**Dataset excerpts**:
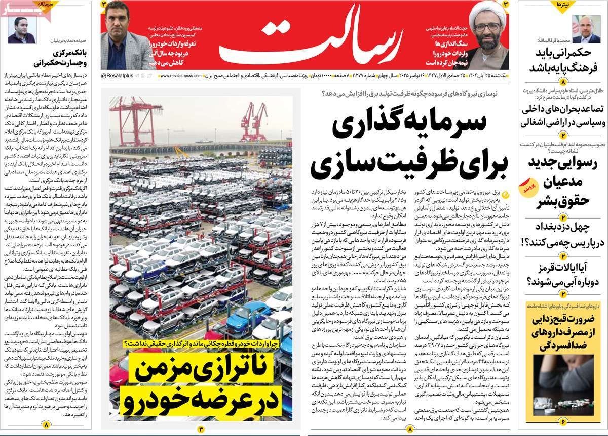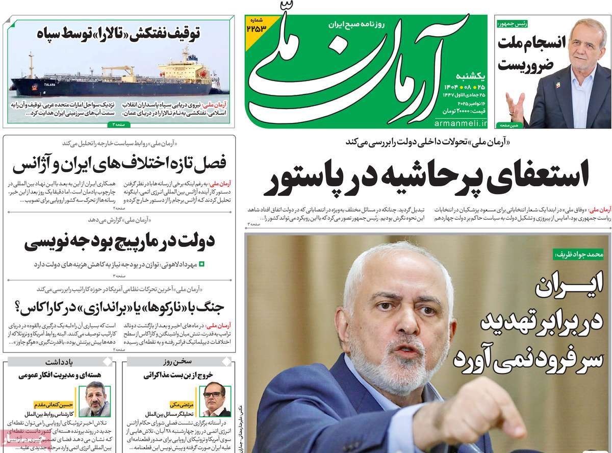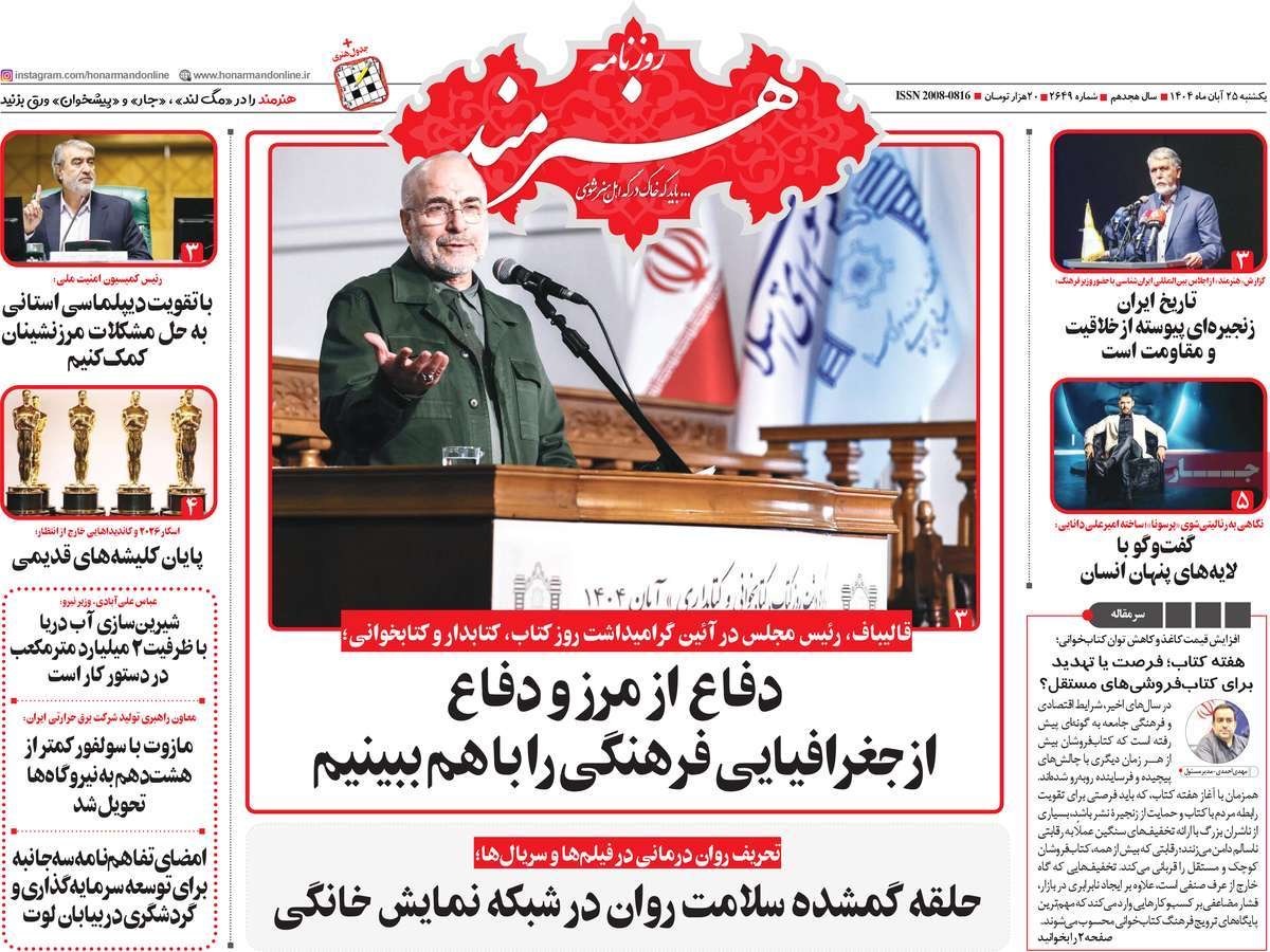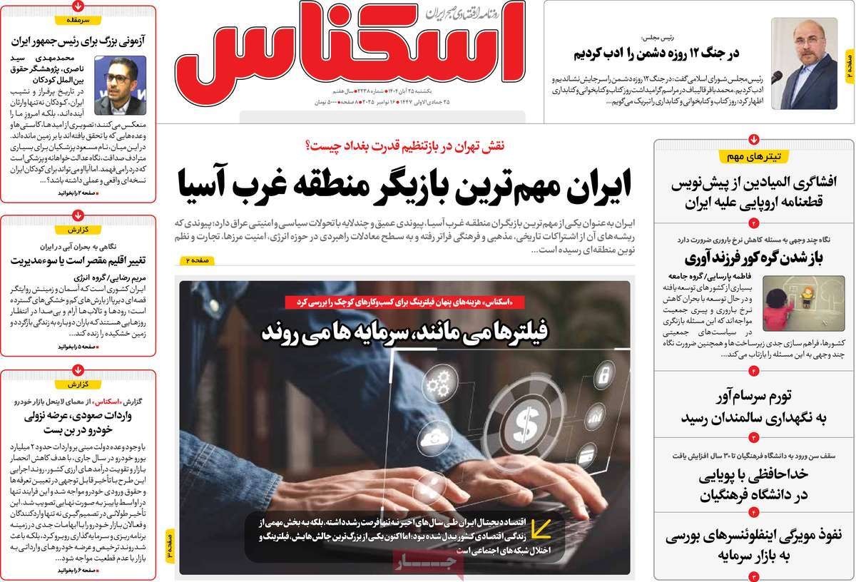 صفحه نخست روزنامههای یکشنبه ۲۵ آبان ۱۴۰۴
---
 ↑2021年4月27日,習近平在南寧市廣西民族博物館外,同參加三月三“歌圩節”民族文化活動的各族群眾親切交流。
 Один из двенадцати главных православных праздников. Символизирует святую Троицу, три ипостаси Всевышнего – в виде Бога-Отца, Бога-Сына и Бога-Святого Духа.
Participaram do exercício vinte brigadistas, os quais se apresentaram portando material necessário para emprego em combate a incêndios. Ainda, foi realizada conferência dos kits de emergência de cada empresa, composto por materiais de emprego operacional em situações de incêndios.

**How to complete this task**: Among the entries above, find the line with "Один из двенадцати" and the line with "Participaram do exercício"; give again exactly these two lines and all lines between them.

**Result**:
 Один из двенадцати главных православных праздников. Символизирует святую Троицу, три ипостаси Всевышнего – в виде Бога-Отца, Бога-Сына и Бога-Святого Духа.
Participaram do exercício vinte brigadistas, os quais se apresentaram portando material necessário para emprego em combate a incêndios. Ainda, foi realizada conferência dos kits de emergência de cada empresa, composto por materiais de emprego operacional em situações de incêndios.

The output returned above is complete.